Exactly as they stand, repeat the lines from the one containing "신용회복위원회의 신용상담보고서 발급항목은" through the final line of the listing, both ends included, and nothing else; skip the pictures.

─── Provided data

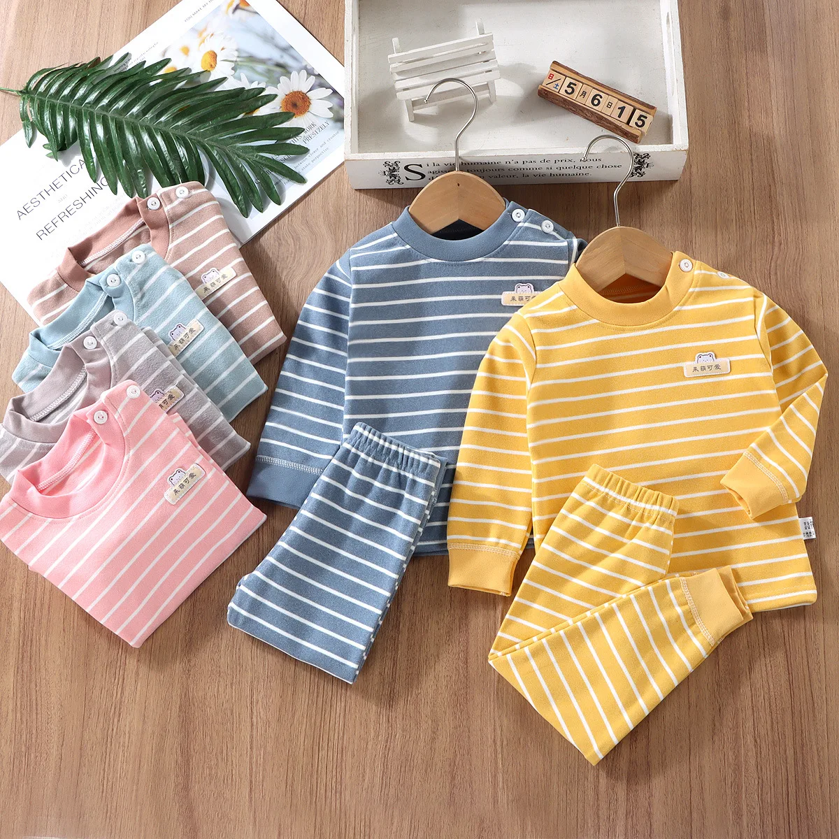 Conjuntos de pijamas para niños y niñas, camiseta de manga larga a rayas con cuello redondo y pantalones, ropa de dormir cálida de otoño para niños pequeños
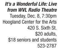 THEATER | An updated holiday favorite Enjoy a fresh adaptation of a classic holiday favorite on Tuesday, Dec. 8, by The Immediate Theatre Project of Asheville, North Carolina. In this innovative film-to-radioto-stage adaptation of It’s a Wonderful Life, several key employees of WVL Radio brave a blizzard to perform their station’s annual radio adaptation of Frank Capra’s beloved 1940s film. Still relevant today, It’s a Wonderful Life is a heartwarming tale of George Bailey and his Christmas Eve brush with death that encourages people to take stock of the things they hold dear and prioritize their lives accordingly. It’s a Wonderful Life: Live from WVL Radio Theatre features Springfield native Lauren Kriel as Mary Bailey along with other roles. Tickets are $20 for adults and $18 for seniors and students. To purchase tickets, visit http://hcfta.org. See also
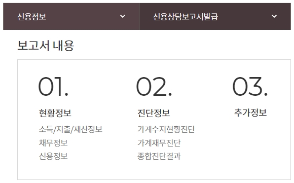 신용회복위원회의 신용상담보고서 발급항목은 고객의 동의를 거쳐 전국은행연합회 및 개인신용평가회사를 통하여 조회된 자료를 제공해드리는 서비스입니다.
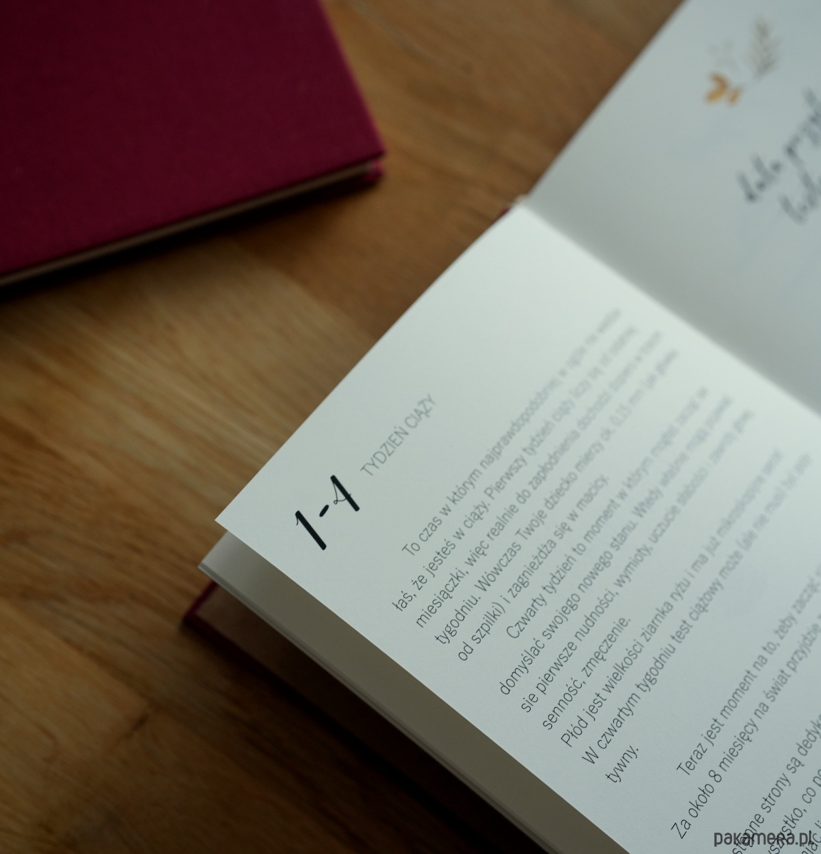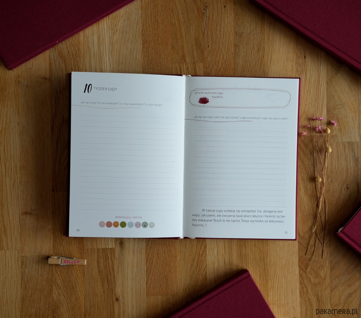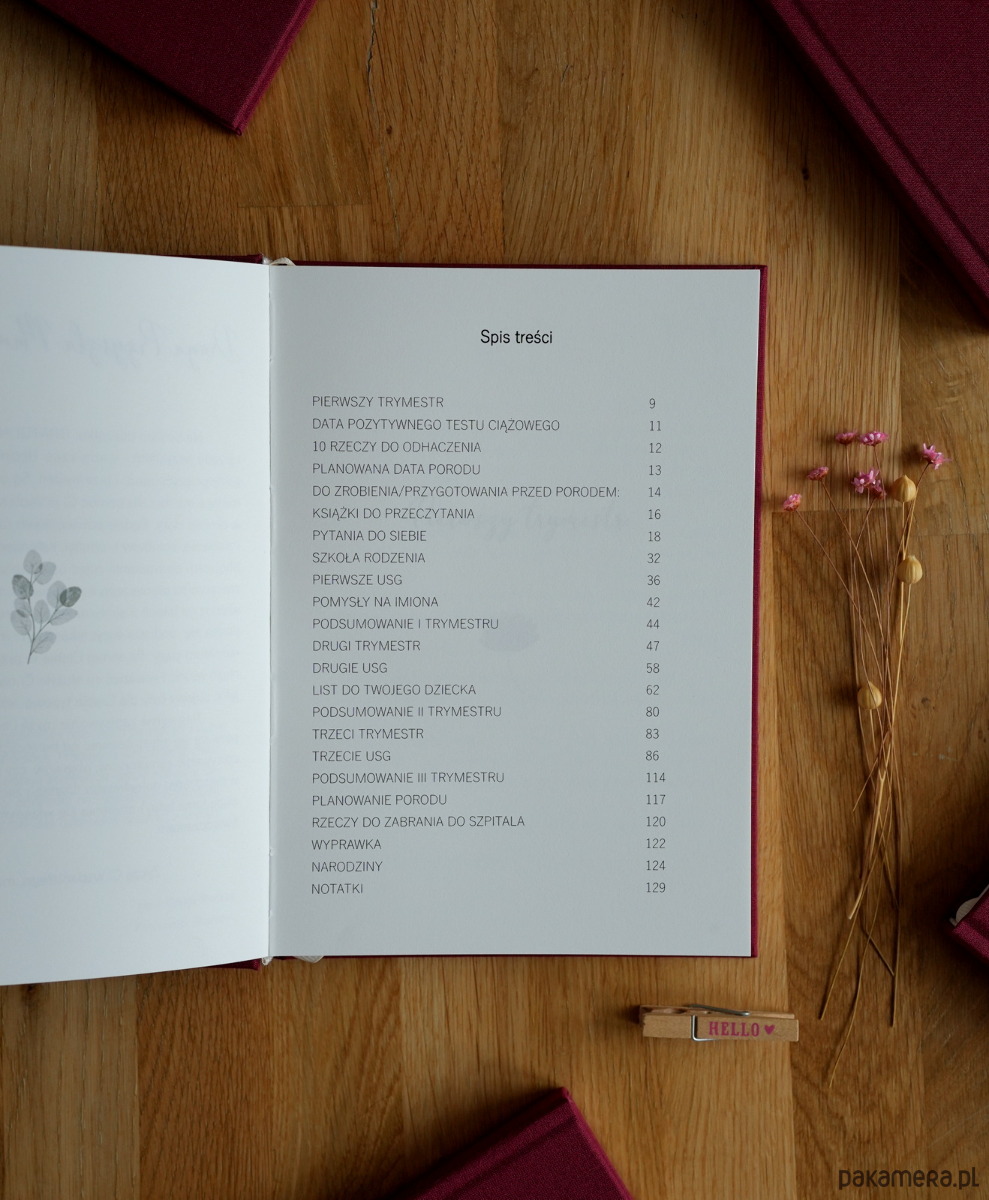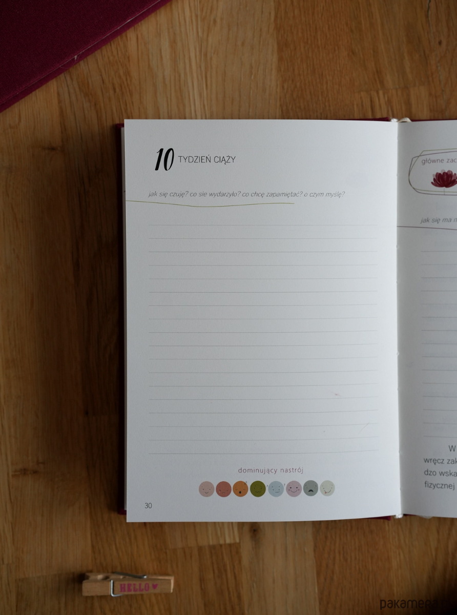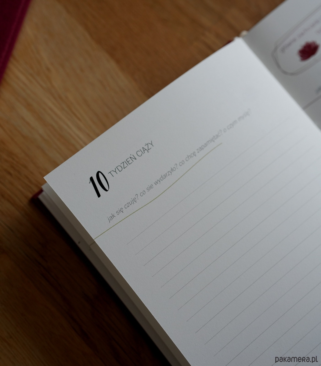 Każdy tydzień pamiętnika ma swój stały rozkład. Poza miejscem na notatki, znajdziesz trackery zachcianek, obwodu talii, objawów które mogą Ci towarzyszyć. Również informacje o tym, jak się rozwija i zmienia Twoje dziecko i czego możesz się spodziewać w danym tygodniu ciąży. Pod koniec każdego trymestru jest strona z podsumowaniem i miejscem na Twoje zdjęcie. W dzienniku znajdziesz wiele dodatkowych stron, na przykład: list do twojego dziecka, miejsce na zdjęcia USG, itp., a także strony dotyczące planu porodu, pełna lista rzeczy, które powinnaś zabrać ze sobą do szpitala, lista wyprawki.

──────

*Worked solution:*
 신용회복위원회의 신용상담보고서 발급항목은 고객의 동의를 거쳐 전국은행연합회 및 개인신용평가회사를 통하여 조회된 자료를 제공해드리는 서비스입니다.
 Każdy tydzień pamiętnika ma swój stały rozkład. Poza miejscem na notatki, znajdziesz trackery zachcianek, obwodu talii, objawów które mogą Ci towarzyszyć. Również informacje o tym, jak się rozwija i zmienia Twoje dziecko i czego możesz się spodziewać w danym tygodniu ciąży. Pod koniec każdego trymestru jest strona z podsumowaniem i miejscem na Twoje zdjęcie. W dzienniku znajdziesz wiele dodatkowych stron, na przykład: list do twojego dziecka, miejsce na zdjęcia USG, itp., a także strony dotyczące planu porodu, pełna lista rzeczy, które powinnaś zabrać ze sobą do szpitala, lista wyprawki.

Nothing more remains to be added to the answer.